EXERCISE INPUT:
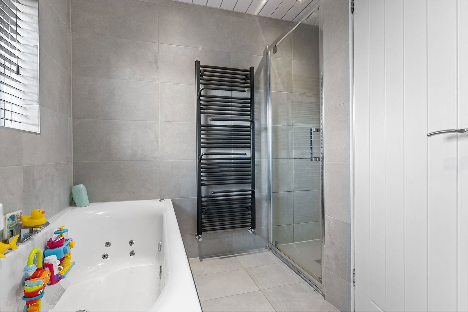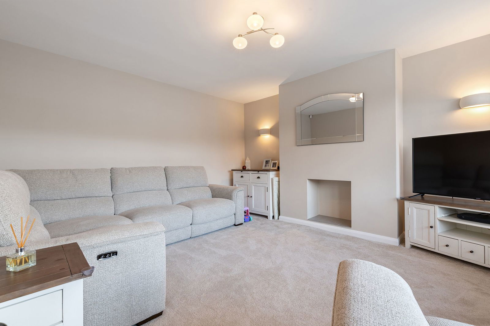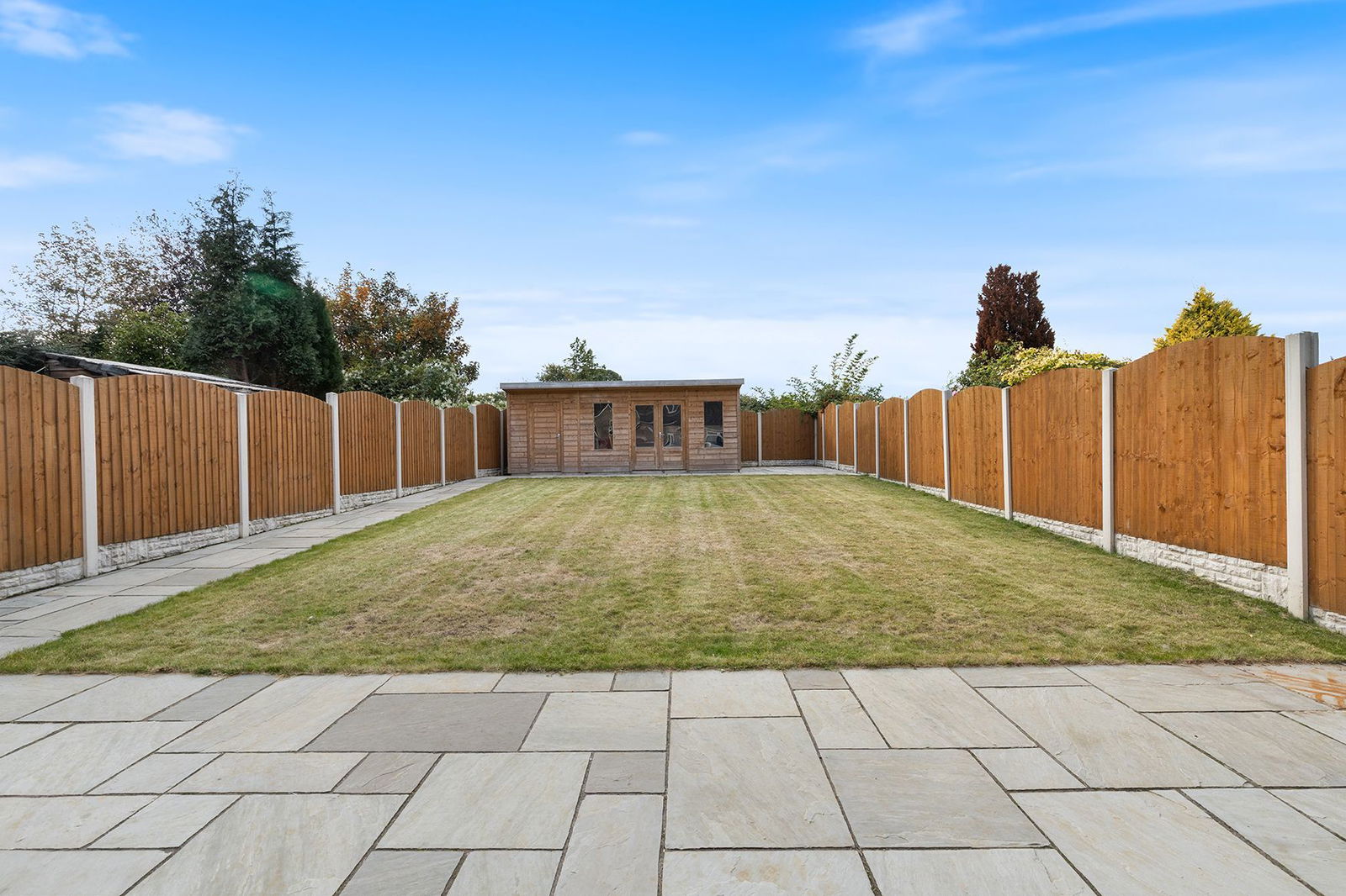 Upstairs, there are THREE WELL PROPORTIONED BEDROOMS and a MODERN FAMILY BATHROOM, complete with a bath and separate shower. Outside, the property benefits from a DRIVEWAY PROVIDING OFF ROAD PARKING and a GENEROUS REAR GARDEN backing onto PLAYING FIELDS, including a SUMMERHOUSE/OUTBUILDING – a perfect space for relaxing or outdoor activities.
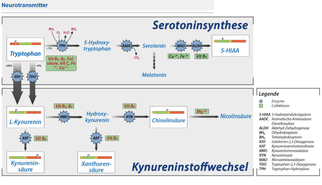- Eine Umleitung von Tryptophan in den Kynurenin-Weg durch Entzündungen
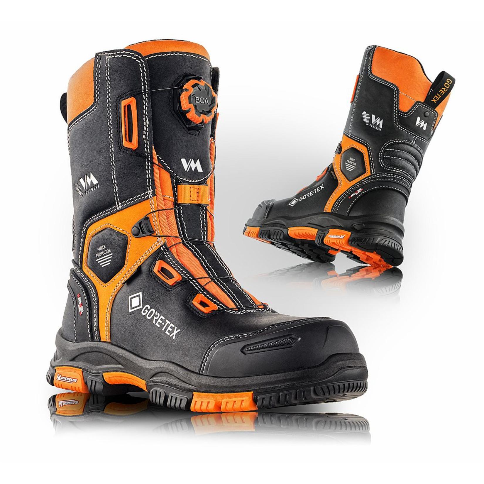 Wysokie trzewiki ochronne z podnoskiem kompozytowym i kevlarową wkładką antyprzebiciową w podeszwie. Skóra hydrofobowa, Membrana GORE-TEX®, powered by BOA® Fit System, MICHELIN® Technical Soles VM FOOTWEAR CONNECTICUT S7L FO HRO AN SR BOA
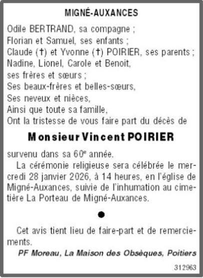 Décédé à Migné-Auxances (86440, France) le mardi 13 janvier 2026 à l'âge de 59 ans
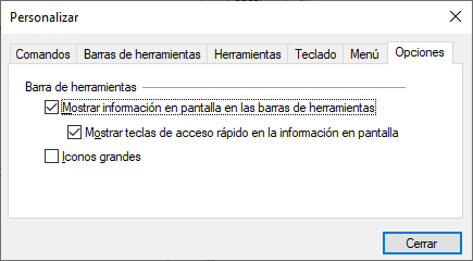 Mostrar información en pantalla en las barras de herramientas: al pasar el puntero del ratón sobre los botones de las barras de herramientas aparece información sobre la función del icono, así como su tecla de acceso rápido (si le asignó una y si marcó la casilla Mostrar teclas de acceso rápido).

* * *

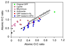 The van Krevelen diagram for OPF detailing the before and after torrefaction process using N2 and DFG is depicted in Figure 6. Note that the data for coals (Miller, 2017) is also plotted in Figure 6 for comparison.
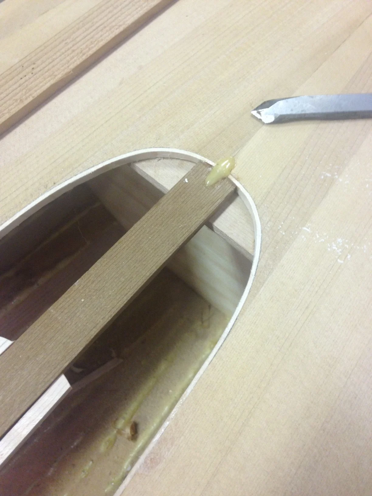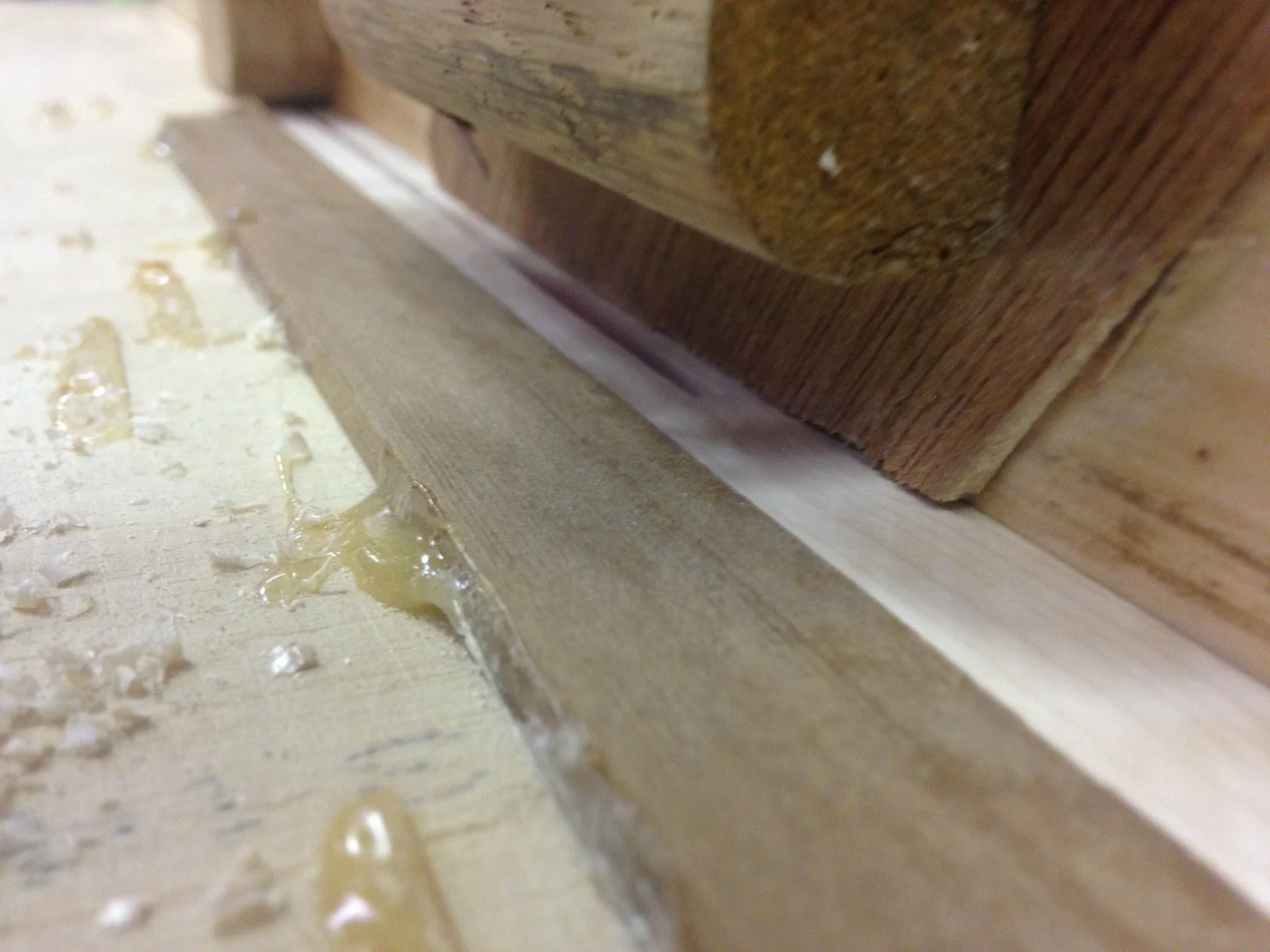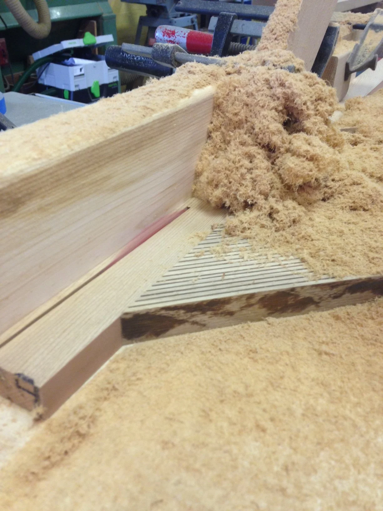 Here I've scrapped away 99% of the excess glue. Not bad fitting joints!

...

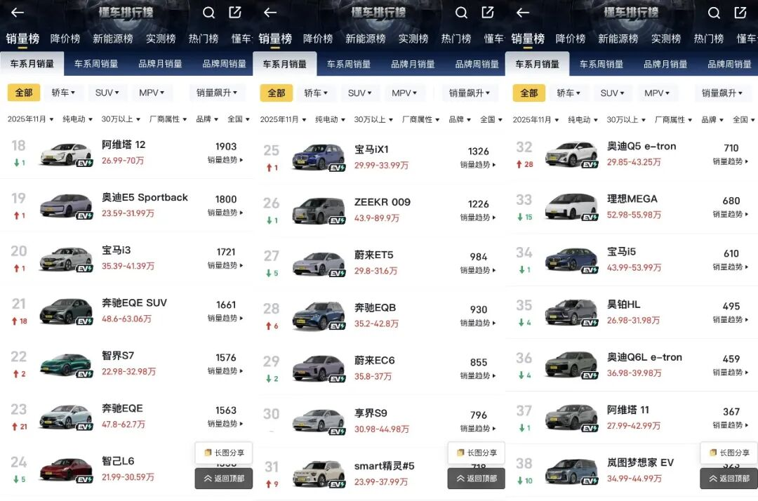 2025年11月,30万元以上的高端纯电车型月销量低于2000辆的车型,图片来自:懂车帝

WHAT THE TASK ASKS: Please output the lines above beginning at the line with "The van Krevelen" and ending after the line with "Here I've scrapped", precisely as written and with no pictures.

EXPECTED ANSWER:
 The van Krevelen diagram for OPF detailing the before and after torrefaction process using N2 and DFG is depicted in Figure 6. Note that the data for coals (Miller, 2017) is also plotted in Figure 6 for comparison.
 Here I've scrapped away 99% of the excess glue. Not bad fitting joints!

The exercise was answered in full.